I just want to title everything I write about hospice work as “Loving and Letting Go.” Already used that title before though…

A rough, after-work ramble, no grammar corrections or editing (maybe I’ll get to that later):

Hospice work for me is being present, observing, attuning, attaching, loving, and then letting go.

One of the hardest situations for me that I encounter at work happened this weekend. Giving intense care for the past 24 out of 48 hours to someone actively dying and their family – being very attuned, involved, intimate with them, witnessing the subtle changes of the body shutting down and the love and grief of the family, tending to all of them. And then after this dense, meaningful time together my last shift of the weekend is over and it’s time to go home and I won’t be back for several days – knowing this person will probably die within hours. It’s so hard to leave, right at the end, I want to stay and continue my care until completion of this person’s life that I have been so intensely and uniquely involved in. I am attached to the dying person, to their family and to my co-workers in this warm cocoon of care that the Guest House is. But I let go, I say goodbye, many hugs and wet eyes and gratitude and well-wishes. And I hand off the baton to the next shift and walk out the door into the night.
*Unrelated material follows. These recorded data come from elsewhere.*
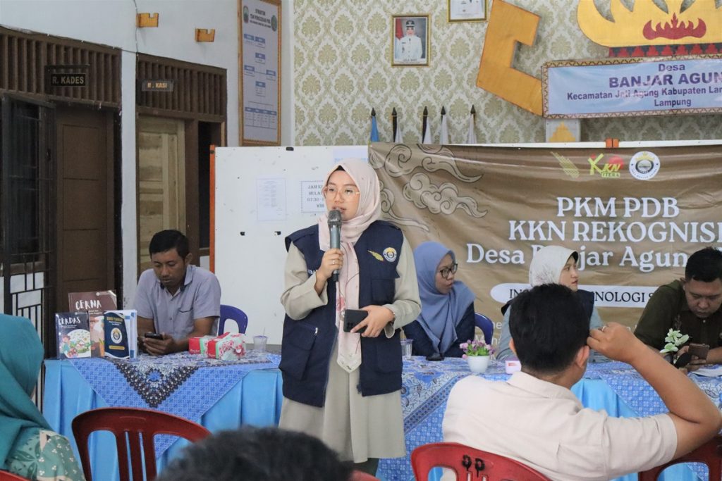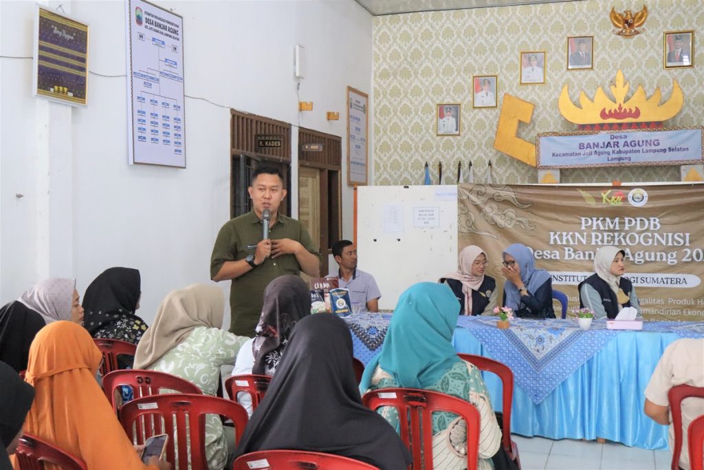 Upaya mendorong produk karya mahasiswa KKN Rekognisi Itera dapat dipasarkan secara luas tersebut dibahas dalam kegiatan workshop bertajuk “Implementasi Business Plan dan Legalitas Produk Hasil KKN untuk Mendorong Kemandirian Ekonomi Masyarakat Pasca-KKN” di Desa Banjar Agung, Sabtu, 25 Oktober 2025.
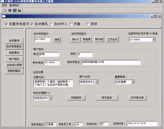 12365質(zhì)監(jiān)熱線服務(wù)系統(tǒng)將接入功能、導(dǎo)航功能、交互式語音應(yīng)答服務(wù)功能、人工座席服務(wù)功能、話路轉(zhuǎn)接功能、信息資料處理緊密聯(lián)系起來。用戶撥打特服電話號碼后,可以根據(jù)需要選擇人工服務(wù)、交互式語音應(yīng)答服務(wù)、自動留言,并能夠在幾種服務(wù)中來回切換或轉(zhuǎn)接其它電話;所記錄的資料可以分門別類的進(jìn)行統(tǒng)計并形成報表,供相關(guān)部門進(jìn)行檢索查閱;意見處理完畢,可由座席主動呼叫用戶,告知處理意見,形成閉環(huán)處理流程。
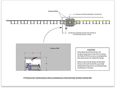 The images below provide dimensions of equipment and clearances that are valuable when laying out a PythonX STRUCTURAL in a fab shop.
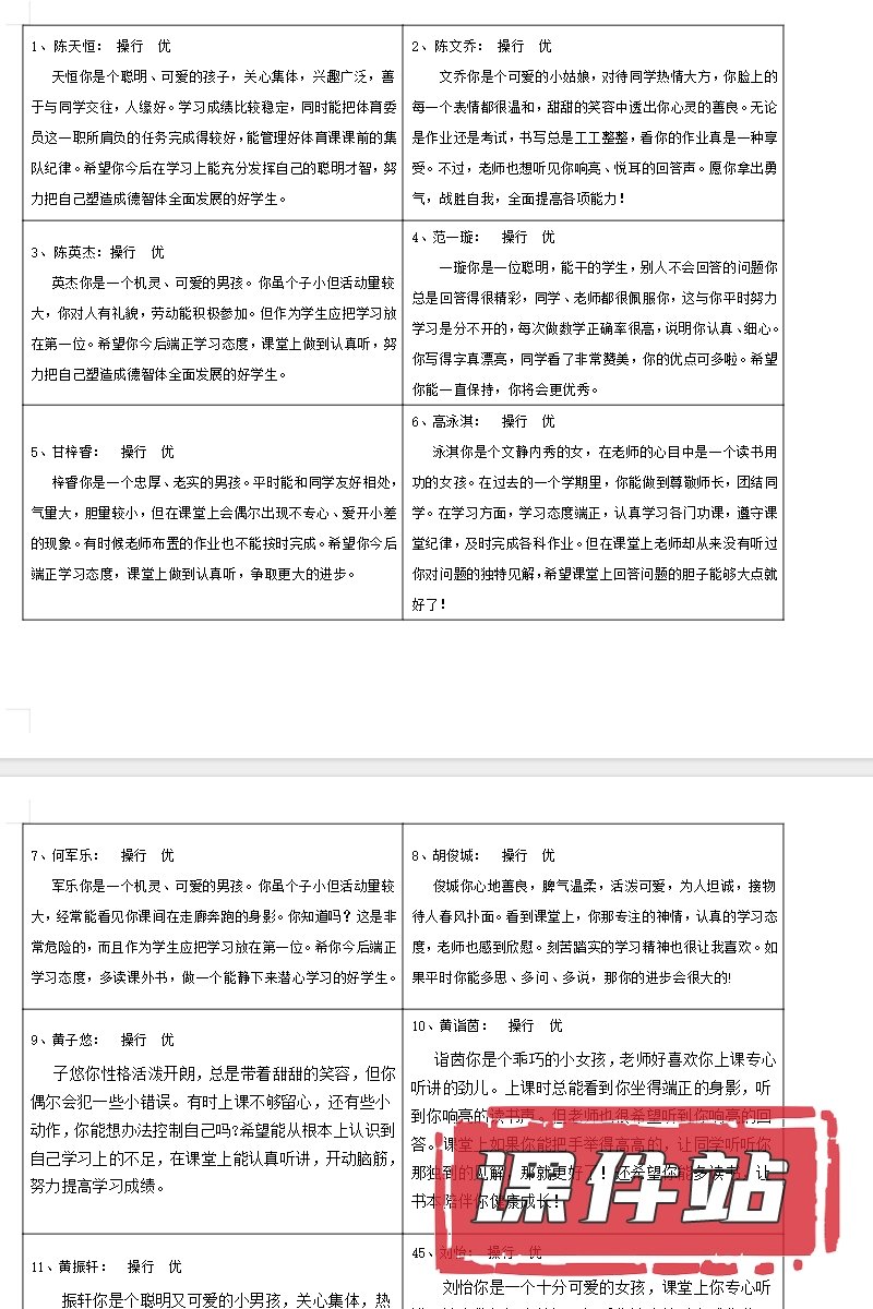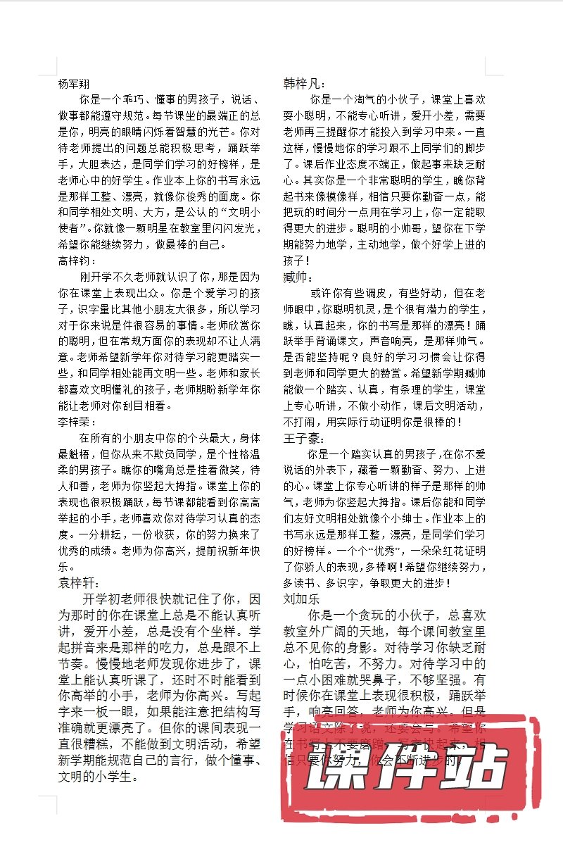 【打包下载】期末评语教学资源
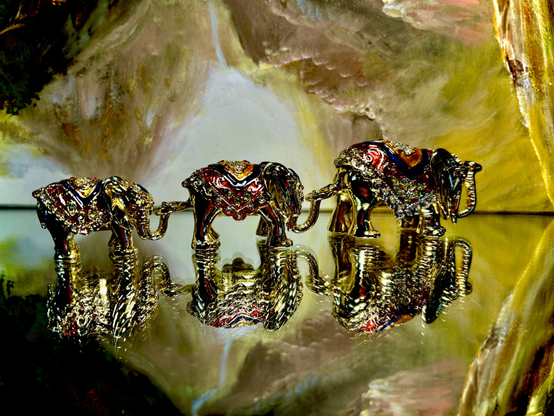 großer Elefant: ↕ 5 cm / mittlerer Elefant: ↕ 4 cm / kleiner Elefant: ↕ 3,5 cm
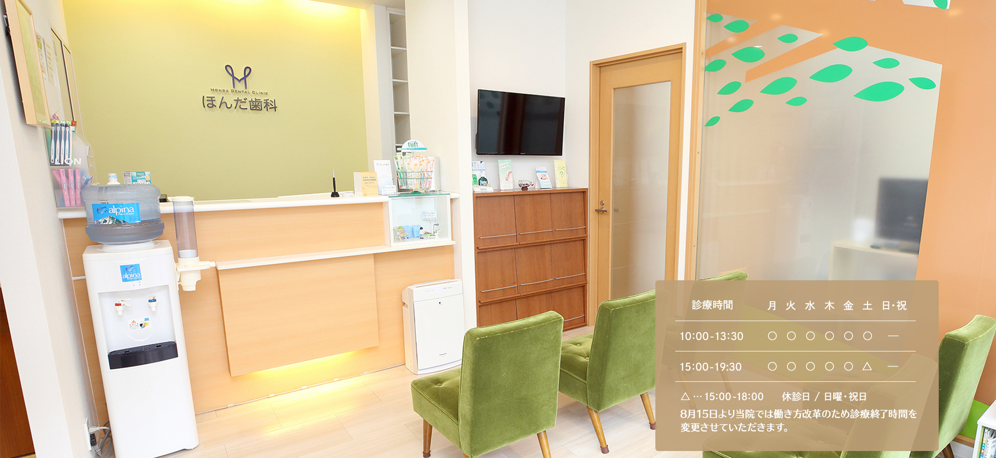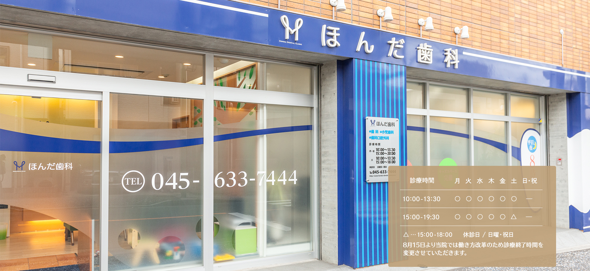 綱島駅から徒歩5分、綱島本通郵便局すぐそばの歯医者「ほんだ歯科」のホームページをご覧いただきありがとうございます。当院は小さなお子様からご年配の方まで、安心して信頼される歯科治療を心がけております。平日は19:30まで診療しておりますので、お仕事や学校帰りにご来院いただけます。お子様を連れて治療に通えるようにファミリールームやキッズスペースを完備しており、お子様と同じお部屋で治療を受けることも可能です。年配の方やベビーカーの方も安心して通えるようにバリアフリーに対応しております。院内は土足でも構いませんので、足が不自由な方や、靴の履き替えが難しい方にもご利用いただけます。当院は綱島の地域の皆様のお口の健康を守るため、スタッフ一同全力でお手伝いいたします。歯やお口に関するお悩みがある方はお気軽にご相談ください。
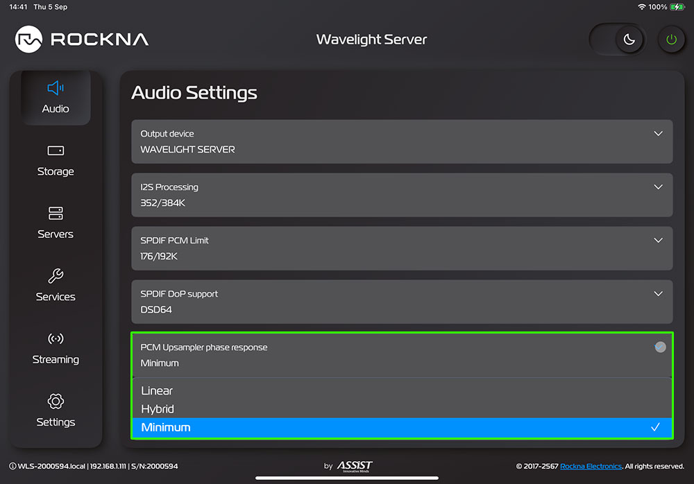 นอกจากคุณจะเลือกให้ WLS ตัวนี้ทำงานเป็น ‘Streamer Transport’ โดยใช้โปรแกรม Roon หรือ Audirvana Studio เป็นหลัก (core) ในการควบคุมการเล่นไฟล์เพลงแล้ว คุณยังสามารถปรับเลือกให้ WLS ทำงานเป็น endpoint หรือ renderer หรืออุปกรณ์ปลายทางที่รองรับสัญญาณเอ๊าต์พุตต่อมาจากโปรแกรมเล่นไฟล์เพลงอื่นๆ ได้อีกด้วย โดยมีอ๊อปชั่นให้เลือกถึง 5 อ๊อปชั่น ได้แก่ Roon Bridge (*มีประโยชน์ในกรณีที่คุณใช้ Roon บนฮาร์ดแวร์ตัวอื่นที่ไม่มีเอ๊าต์พุต SPDIF แต่ต้องการใช้งานร่วมกับ DAC ทางช่องอินพุต SPDIF), UPnP AV, OpenHome, HQPlayer NAA และ AirPlay (*รองรับการสตรีมไฟล์เพลงจากแอพฯ เล่นไฟล์เพลงบนอุปกรณ์ iOS กับคอมพิวเตอร์ MacOS)
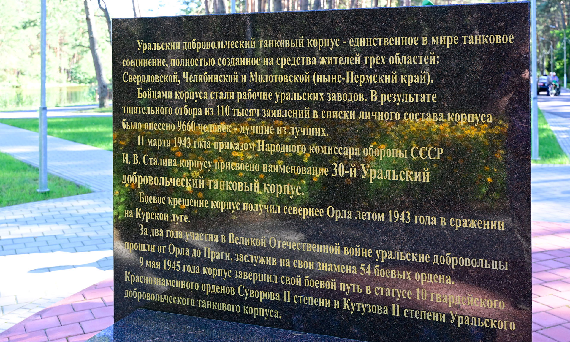 Парк культуры и отдыха в Унече был назван именем Уральских добровольцев в честь бойцов Уральского добровольческого танкового корпуса, первыми вступивших в освобождаемый от немецко-фашистских захватчиков город в сентябре 1943 года.
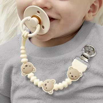 Itzy Ritzy Silicone Pacifier Clip; 100% Food Grade Silicone Pacifier Strap with Clip Keeps Pacifiers, Teethers & Small Toys in Place; Features One-Piece Design, Bear Character & Silicone Cord (Bear)
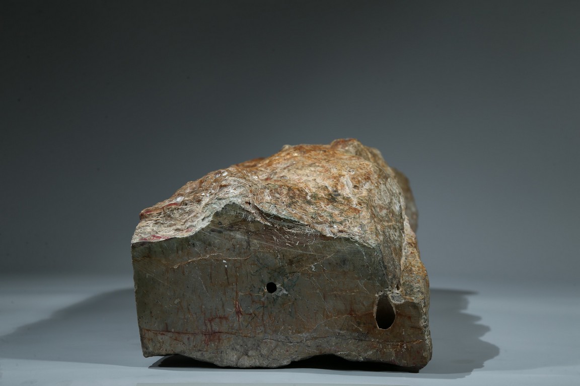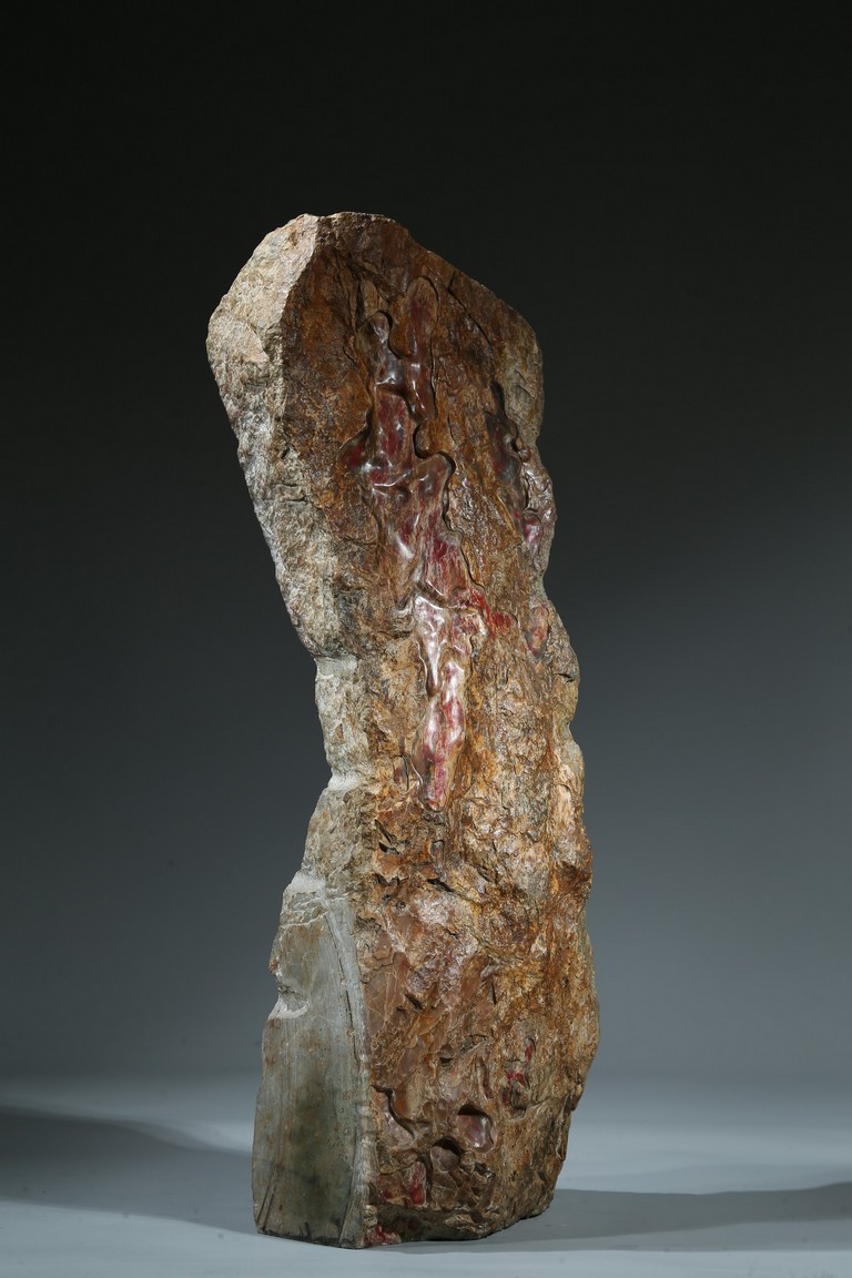 Of naturalistic irregular form, this rare large upright boulder with ochre tone skin exposed to reveal the inside bright red 'chicken-blood' inclusions. 'chicken-blood' is one of the most valued material in Chinese culture, and red is traditionally considered symbolic of good luck, soapstone of this color was gifted on occasions of marriage, birthdays, promotions and success.

Living and dying go on and on – it’s like a river I step in and out of – although of course it’s everywhere all the time, it’s all of us, but it is more explicit and raw and bare at hospice. I say this all the time but it is such deeply fulfilling work to be right in the heart of someone’s last time on earth. I meet them where they are and give them the best care I can and then they go. Impermanence in all its beauty, with all its warts, complete and incomplete, in process, over and over again.

Massive, rotting cancer wound and a still-lovely face and hands, the complexity of family love around her; I understand this quote so well:
“Beauty is simply reality seen with the eyes of love.”

(Quote from Rabindranath Tagore.)

3 years

I’ve been at Zen Hospice Project’s Guest House for 3 years now. I’ve given direct care to about 120 people in their last weeks and days of life. I’ve been bedside with 11 people as they took their final breath. I’ve bathed about 20 dead bodies. I’ve lead about 15 death rituals.

There is the vomit, the diarrhea, the rotting wounds, the pain, the turmoil, the challenging family dynamics, the grief, the fear. And there is the love. The love, the love, the love. The tenderness, the intimacy, the humor, the beauty, the compassion, the transformation, the honesty, the radical acceptance, the profound human connection, and the love. It is an immense honor to be with it all. I am deeply nourished by this work.

I have always found meaningful work in the world, but never have I felt with such passion and clarity that I have found my calling as I do caring for people at the end of life. I am filled with gratitude.